• **Data records**:

● ● ● ●

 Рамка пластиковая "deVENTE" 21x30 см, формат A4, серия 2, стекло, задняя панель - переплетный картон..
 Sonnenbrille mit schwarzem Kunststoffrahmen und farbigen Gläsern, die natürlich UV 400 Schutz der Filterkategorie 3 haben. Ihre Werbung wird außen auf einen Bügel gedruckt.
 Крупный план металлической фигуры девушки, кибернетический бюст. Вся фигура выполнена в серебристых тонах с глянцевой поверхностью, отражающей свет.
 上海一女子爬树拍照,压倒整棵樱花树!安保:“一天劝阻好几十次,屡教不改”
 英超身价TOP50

● ● ● ●

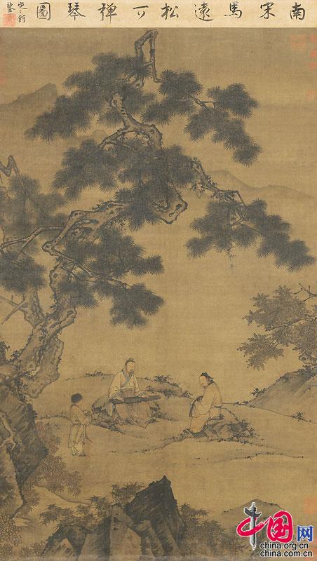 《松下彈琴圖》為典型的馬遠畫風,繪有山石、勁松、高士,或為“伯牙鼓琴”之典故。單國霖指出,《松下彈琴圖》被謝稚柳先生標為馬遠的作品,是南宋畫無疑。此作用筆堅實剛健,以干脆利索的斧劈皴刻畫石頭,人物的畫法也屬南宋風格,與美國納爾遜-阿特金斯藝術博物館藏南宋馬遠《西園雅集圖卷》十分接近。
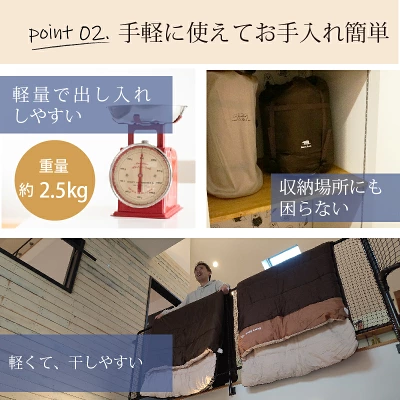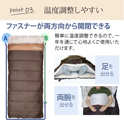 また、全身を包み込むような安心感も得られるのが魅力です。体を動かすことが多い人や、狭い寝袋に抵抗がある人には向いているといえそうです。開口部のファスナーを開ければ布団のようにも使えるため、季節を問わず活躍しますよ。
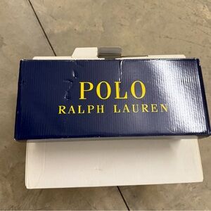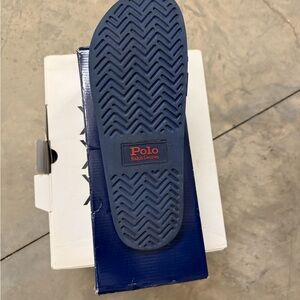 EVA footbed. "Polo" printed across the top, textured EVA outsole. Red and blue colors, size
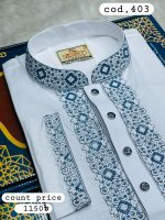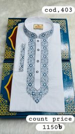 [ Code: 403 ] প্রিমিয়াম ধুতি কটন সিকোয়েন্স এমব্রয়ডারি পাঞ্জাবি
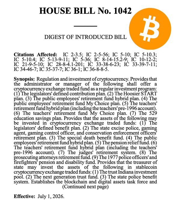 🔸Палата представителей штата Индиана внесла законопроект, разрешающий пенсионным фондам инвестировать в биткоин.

● ● ● ●

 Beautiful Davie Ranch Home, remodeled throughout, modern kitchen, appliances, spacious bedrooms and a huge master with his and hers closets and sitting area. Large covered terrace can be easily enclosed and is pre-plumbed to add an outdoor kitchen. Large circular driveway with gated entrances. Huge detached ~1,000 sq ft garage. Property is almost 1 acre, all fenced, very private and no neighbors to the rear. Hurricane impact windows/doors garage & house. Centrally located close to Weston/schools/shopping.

● ● ● ●

• **How to complete this task**:
Your answer should be the lines above, word for word, from the line with "また、全身を包み込むような安" through the line with "инвестировать в биткоин.", minus the pictures.

• **Response to this exercise**:
 また、全身を包み込むような安心感も得られるのが魅力です。体を動かすことが多い人や、狭い寝袋に抵抗がある人には向いているといえそうです。開口部のファスナーを開ければ布団のようにも使えるため、季節を問わず活躍しますよ。
 EVA footbed. "Polo" printed across the top, textured EVA outsole. Red and blue colors, size
 [ Code: 403 ] প্রিমিয়াম ধুতি কটন সিকোয়েন্স এমব্রয়ডারি পাঞ্জাবি
 🔸Палата представителей штата Индиана внесла законопроект, разрешающий пенсионным фондам инвестировать в биткоин.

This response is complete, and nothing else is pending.